Could you reproduce, from the records below, everything from the line with "Chente Ydrach anuncia" down to the line with "Best Chance of", keeping both of those lines and changing nothing?

Material shown »
= = = =
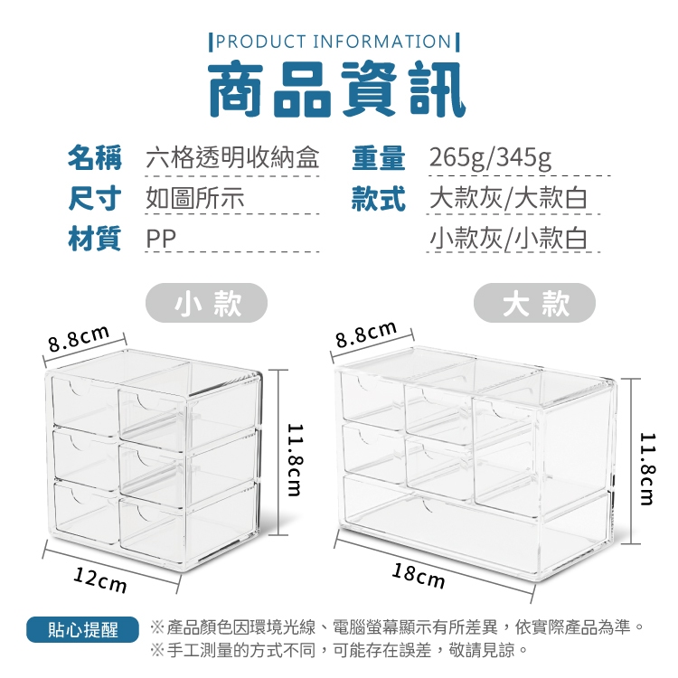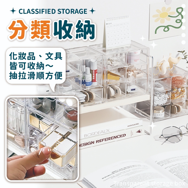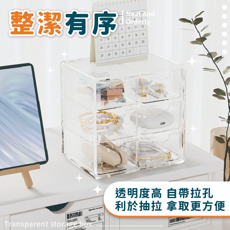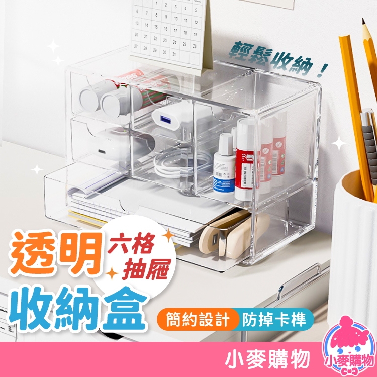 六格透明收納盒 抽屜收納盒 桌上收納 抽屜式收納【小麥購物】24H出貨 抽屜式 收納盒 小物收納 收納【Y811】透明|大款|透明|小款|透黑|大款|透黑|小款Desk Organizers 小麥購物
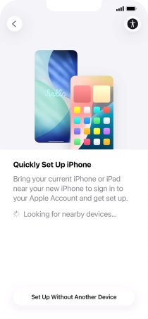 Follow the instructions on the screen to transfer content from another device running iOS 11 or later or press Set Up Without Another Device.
= = = =
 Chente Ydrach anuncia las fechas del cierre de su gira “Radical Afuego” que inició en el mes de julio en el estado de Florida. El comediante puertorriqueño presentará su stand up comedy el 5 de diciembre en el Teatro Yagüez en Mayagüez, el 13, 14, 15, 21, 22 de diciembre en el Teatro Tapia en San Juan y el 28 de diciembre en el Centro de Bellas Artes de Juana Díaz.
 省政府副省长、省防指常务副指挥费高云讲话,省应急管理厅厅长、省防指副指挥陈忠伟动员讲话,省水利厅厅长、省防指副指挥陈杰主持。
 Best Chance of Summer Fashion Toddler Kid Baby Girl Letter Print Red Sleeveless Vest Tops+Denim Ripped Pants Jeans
= = = =
Expected answer »
 Chente Ydrach anuncia las fechas del cierre de su gira “Radical Afuego” que inició en el mes de julio en el estado de Florida. El comediante puertorriqueño presentará su stand up comedy el 5 de diciembre en el Teatro Yagüez en Mayagüez, el 13, 14, 15, 21, 22 de diciembre en el Teatro Tapia en San Juan y el 28 de diciembre en el Centro de Bellas Artes de Juana Díaz.
 省政府副省长、省防指常务副指挥费高云讲话,省应急管理厅厅长、省防指副指挥陈忠伟动员讲话,省水利厅厅长、省防指副指挥陈杰主持。
 Best Chance of Summer Fashion Toddler Kid Baby Girl Letter Print Red Sleeveless Vest Tops+Denim Ripped Pants Jeans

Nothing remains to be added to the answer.